La₂Br₂H_n: a hydrogenated two-dimensional electride material

Electrides are materials with electrons localized on interstitial sites in the crystal lattice. Some materials exhibit this behaviour at high pressure when it becomes energetically more favourable for some electrons to occupy states localized in the voids between atoms rather than atomic orbitals.

LaBr, a layered magnetic material that is weakly bound by van der Waals interactions, is an ambient pressure electride¹ and, using first-principles electronic structure calculations, we show that monolayer LaBr is potentially exfoliable, stable, retains the magnetic ordering of bulk LaBr and could also be an electride at ambient pressure.

Furthermore, in monolayer LaBr, we show that the two interstitial sites occupied by electrons have a strong tendency to bind with, e.g., hydrogen and we propose several new structures with composition of La, H and Br.

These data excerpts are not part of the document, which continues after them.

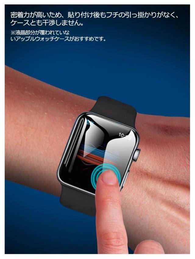 | 貼っていることを忘れるほどのわずか0.15mmの厚さで透明度が高くて液晶画面の鮮明度に影響なく、滑らかな操作ができる液晶保護フィルム。 耐久性に強く柔軟性にも富んだTPU素材で指滑り地もよく、Apple Watch本来の美しさを損なうことなく、ラウンドエッジにピッタリとフィットでしっかり全面保護。 端末のデザインを損なわず、フィルムを貼っていないかのような一体感がうまれます。 水滴を弾くほどの撥水加工がされ、指紋や汚れなどが付きにくく、拭けばすぐに綺麗になり、いつでも画面がツルツルの状態で操作できます。 特殊コーティング加工で油や指紋など、付いても軽く拭けば汚れはすぐに落ちます。 密着力が高いため、貼り付け後もフチの引っ掛かりがなく、ケースとも干渉しません。 ※液晶部分が覆われていないアップルウォッチケースがおすすめです。 | |
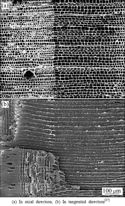 VOGLI等[38]选用松木作为原料,将其置于惰性气体环境下加热,并以一定速率升温得到生物碳模板。在氩气氛围下,通过气态Si与生物碳模板的反应,得到多孔SiC陶瓷。这种单相多孔SiC陶瓷的孔率为71%,孔径为20 μm,其轴向与切向的微观结构如图5所示[37]。由于制备的多孔SiC保留了木材原有的显著各向异性结构,其沿孔隙方向的力学性能要远高于垂直孔隙方向的力学性能。钱军民等[39]采用椴木木粉作为原料,浸渗酚醛树脂后压制成型并干燥、加热碳化,再将制得的碳模板包埋于Si粉中渗Si,随后真空加热除去未反应的Si。这种方式避免了使用块状天然木材作为原料时制备的碳模板可能存在的不均匀现象,同时少量的Si残余可以完善SiC骨架,提高陶瓷成品强度。
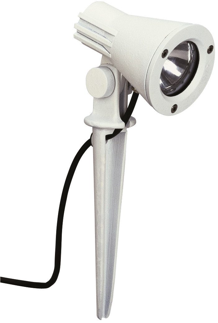 schwenkbar, mit Erdspieß und 2.500 mm Anschluss Leitung inkl. Stecker, aus korrosionsbeständigem Aluminiumguß und Borosilikatglas klar. Eingerichtet für 1 x PAR 20 50 Watt, Fassung E27.Farbe: weiß Schutzart: IP 55 - Schutzklasse : d 100x 350 x 135 mm
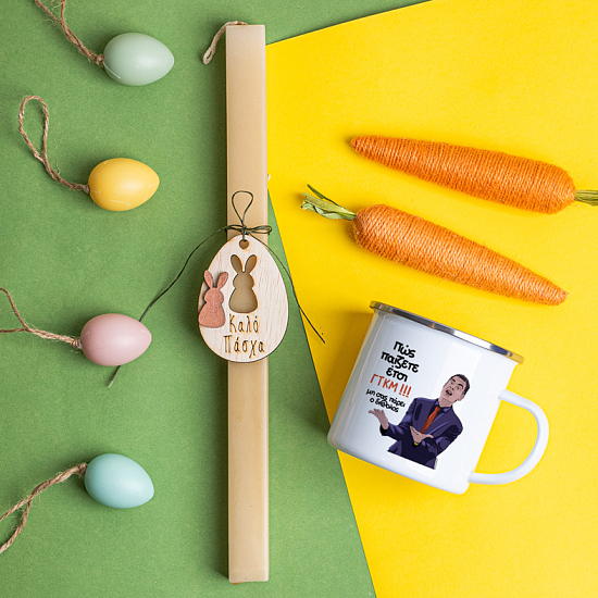 Πακετάκι λαμπάδας για το φετινό πάσχα μαζί με κούπα εμαγιέ, vintage style, όπως μας την μάθανε οι παλιοί.
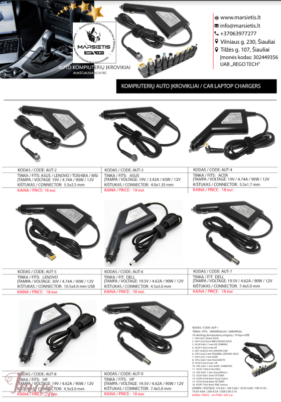 VISI Nešiojamų kompiuterių mašininiai automobiliniai pakrovėjai Pristatymas visoje Lietuvoje per 1-2 d.d. (DPD kurjeriu, paštomatu, paštu, galima atsiimti vietoje). Suteikiama garantija 12 mėnesių. Visa konsultacija, remonto darbų užsakymas: +37063977277 / info@marsietis.lt / Vilniaus 230, Šiauliai arba Tilžės 107, Šiauliai Daugiau informacijos: www.marsietis.lt 1. (AUT-1) UNIVERSALUS 90W | 16 ANTGALIŲ+USB automobilinis kroviklis. Kaina 29 eur. 1. 19V 4.0x1.35mm ASUS 2. 16V 5.5x2.5mm IBM LENOVO ASUS 3. 18.5V 4.8x1.7 mm HP, COMPAQ 4. 18.5V 7.4x5.0 mm HP 5. 20V 10.0x4.0 mm LENOVO USB 6. 19V 5.5x2.5 mm TOSHIBA, LENOVO, ASUS 7. 19V 5.5x1.7 mm ACER 8. 19V 2.5x0.7 mm ASUS EEE PC 9. 19.5V 4.5x3.0 mm HP 10. 19V 3.0x1.1 mm ACER / SAMSUNG 11. 19.5V 7.4x5.0 mm DELL 12. 19V 4.0x1.7 mm Sony/HPmini 13. 19.5V 4.8x1.7mm HP SONY 14. 16.0V 6.5x4.4mm Sony, Fujitsu 15. 19.5V 6.5x4.4mm HP SONY 16. 20.0V 7.9x5.4mm IBM, Lenovo 17. USB 2. (AUT-2) ASUS, TOSHIBA, LENOVO, MEDION, MSI, FUJITSU | 5.5x2.5mm + USB | 19V | 4.74A | 90W | mobilinis kroviklis. Kaina 18 eur. 3. (AUT-3) ASUS | 4.0x1.35mm + USB | 19V | 3.42A | 65W | automobilinis kroviklis. Kaina 18 eur. 4. (AUT-4) ACER, PACKARD BELL| 5.5x1.7mm + USB | 19V | 4.74A | 90W | automobilinis kroviklis. Kaina 18 eur. 5. (AUT-5) LENOVO | 10.5x4.0mm + USB | 20V | 4.74A | 90W | automobilinis kroviklis. Kaina 18 eur. 6. (AUT-6) DELL| 4.5x3.0mm + USB | 19.5V | 4.62A | 90W | automobilinis kroviklis. Kaina 18 eur. 7. (AUT-7) DELL| 7.4x5.0mm + USB | 19.5V | 4.62A | 90W | automobilinis kroviklis. Kaina 18 eur. 8. (AUT-8) HP | 4.5x3.0mm + USB | 19.5V | 4.62A | 90W | automobilinis kroviklis. Kaina 18 eur. 9. (AUT-9) HP | 7.4x5.0mm + USB | 19.5V | 4.62A | 90W | automobilinis kroviklis. Kaina 18 eur. Pristatymas visoje Lietuvoje per 1-2 d.d. (DPD kurjeriu, paštomatu, paštu, galima atsiimti vietoje). Suteikiama garantija 12 mėnesių. Visa konsultacija: +37063977277 / info@marsietis.lt / Vilniaus 230, Šiauliai arba Tilžės 107, Šiauliai Daugiau informacijos: www.marsietis.lt Pakrovėjai, automobiliniai, mašininiai, universalus, įkrovikliai, krovikliai, laptop chargers for car, 12V, pigiausiai... MODELIAI: 0A36258, 0A36259, 0A36260, 0A36261, 0A36262, 0A36263, 0A36264, 0A36265, 0A36266, 0A36267, 0A36268, 0A36269, 0A36270, 0A36271, 0A36272, 0A36273, 0B46994, 0B47008, 112012-11, 36200235, 36200236, 36200237, 36200252, 36200254, 36200298, 45N0235, 45N0236, 45N0237, 45N0238, 45N0239, 45N0240, 45N0245, 45N0246, 45N0249, 45N0250, 45N0253, 45N0254, 45N0256, 45N0258, 45N0260, 45N0262, 45N0264, 45N0305, 45N0306, 45N0309, 45N0310, 45N0326, 45N0328, 59340248, ADLX65NCC3A, ADLX65NDC3A, ADLX65NLC3A, ADLX90NCC3A, ADLX90NCT3A, ADLX90NDC3A, ADLX90NLC3A, ADLX90NLT3, ADLX90NLT3A, PA-1900-72, IdeaPad, Yoga 11, 11S, 13, ThinkPad E531 Edge, E431, S3, S5, T431s, X1, Carbon, X230s, Lenovo, 0B46995, 0B46996, 0B46997, 0B46998, 0B46999, 0B47000, 0B47001, 0B47002, 0B47003, 0B47004, 0B47005, 0B47006, 0B47007, 0B47009, 23535UF, 3443, Series 3443-CTO, 3443CTO, 3444, 3444-25U, 3444-28U, 3444-2DU, 3444-2GU, 3444-2HU, 3444-2KU, 3444-4ZU, 3444-52U, 3444-53U, 3444-54U, 3444-55U, 3444-56U, 3444-59U, 3444-5AU,3444-AWU, 3444-AZU, 3444-B7U, 3444-B8U, 3444-B9U, 3444-BAU, 3444-BBU, 3444-BCU, 3444-BDU, 3444-BEU, 3444-BFU, 3444-F7U, 3444-F8U, 3444-F9U, 3444-FAU, 3444-FBU, 3444-FCU, 3444-FDU, 3444-FEU, 3444-FFU, 3444-FGU, 344425U, 344428U, 34442DU, 34442GU, 34442HF, 34442HU, 344456U, 3444AZF, 3444AZU, 3444B7U, 3444B8U, 3444BAU, 3444BDU, 3444CUF, 3444CUU, 3444CWU, 3444F9U, 3444FEU, 3446, 3448, 3448-22U, 3448-23U, 3448-24U, 3448-25U, 3448-2MU, 3448-34U, 3448-35U, 3448-39U, 3448-3AU, 3448-58U, 3448-59U, 3448-5AU, 3448-5BU, 3448-5CU, 3448-5DU, 3448-94U, 3448-95U, 3448-AVU, 3448-AWU, 3448-AXU, 3448-AYU, 3460, 3460-22U, 3460-23U, 3460-24U, 3460-25U, 3460-34U, 3460-35U, 3460-36U, 3460-37U, 3460-58U, 3460-59U, 3460-5AU, 3460-5BU, 3460-5CU, 3460-5DU, 3460-AVU, 3460-AWU, 3460-AXU, 3460-AYU, 3460-AZU, 3460-B2U, 3460/i5/i7, 34607ZG, 3462, 3463, N3N25UK, N3N2SGE, N3N2SUK, N3N4LGE, N3N4MGE, N3N72GE, N3N72UK, N3N7YMD, N3N7ZGE, N3N7ZUK, N3N82GE, N3N82UK, N3NANGE, Touch 3444CYU, Win 8 i5-3317U, i5-3427U, i7-3667U, i7-3667UM, win Thinkpad Square, interfaces with pin Fit Models: (3444), (3448), (3460), 3460-23U3460-22U PA-1900-72IF, 45N0242, 45N0248, 45N0252, 36200252 45M0246, 62775AU/i5-3230M IdeaPad B490; IdeaPad B490s; IdeaPad Flex14; IdeaPad Flex15; IdeaPad G400; IdeaPad G405; IdeaPad G405s; IdeaPad G500; IdeaPad G500s; Ideapad G505; IdeaPad G505s; IdeaPad G510; IdeaPad G700; IdeaPad S210 Touch; IdeaPad S510p; IdeaPad U330 Touch; IdeaPad U330p; IdeaPad U430p;IdeaPad U530; IdeaPad Yoga 11; IdeaPad Yoga 11S; IdeaPad Yoga 13; IdeaPad Z510; IdeaPad Z710; ThinkPad E531; ThinkPad Edge E431; ThinkPad S3; ThinkPad S5; ThinkPad T431s; ThinkPad T440; Thinkpad T440p; Thinkpad T440S; ThinkPad T540P; ThinkPad X1 Carbon; ThinkPad X230s; U430. 36200235; 36200236; 36200237; 36200252; 36200254; 36200298; 45N0235; 45N0236; 45N0237; 45N0238; 45N0239; 45N0240; 45N0245; 45N0246; 45N0249; 45N0250; 45N0305; 45N0306; 45N0309; 45N0310;ADLX90NCC3A; ADLX90NDC3A; ADLX90NLC3A; PA-1900-72; 0B46994; 0B46995; 0B46996; 0B46997; 0B46998; 0B46999; 0B47000; 0B47001; 0B47002; 0B47003; 0B47004; 0B47005; 0B47006; 0B47007; 0B47008; 0B47009. 0A36258; 0A36259, 0A36260;0A36261;0A36262;0A36263; 0A36264; 0A36265; 0A36266; 0A36267; 0A36268; 0A36269; 0A36270; 0A36271; 0A36272; 0A36273; 0B46994; 0B46995; 0B46996; 0B46997; 0B46998; 0B46999; 0B47000; 0B47001; 0B47002; 0B47003; 0B47004; 0B47005; 0B47006; 0B47007; 0B47008; 0B47009; 112012-11; 36200235; 36200236; 36200237; 36200252; 36200254; 36200298; 36200604; 36200608; 36200612; 45M0246; 45N0235; 45N0236; 45N0237; 45N0238; 45N0239; 45N0240; 45N0242; 45N0245; 45N0246; 45N0248; 45N0249; 45N0250; 45N0252; 45N0253; 45N0254; 45N0256; 45N0258; 45N0260; 45N0262; 45N0264; 45N0305; 45N0306; 45N0309; 45N0310; 45N0326; 45N0328; 59340248; ADLX65NCC3A; ADLX65NDC3A; ADLX65NLC3A; ADLX90NCC3A; ADLX90NCT3A; ADLX90NDC3A; ADLX90NLC3A

We have calculated the composition phase diagram of LaBr with hydrogen, finding LaBr to be a potential promising candidate material for high-density hydrogen storage, and monolayer La₂HBr₂ to be a potential promising candidate 2D multiferroic material.

1. M. Hirayama, S. Matsuishi, H. Hosono and S. Murakami, “Electrides as a New Platform to Topological Materials”, Phys. Rev. X, 8, 031067 (2018)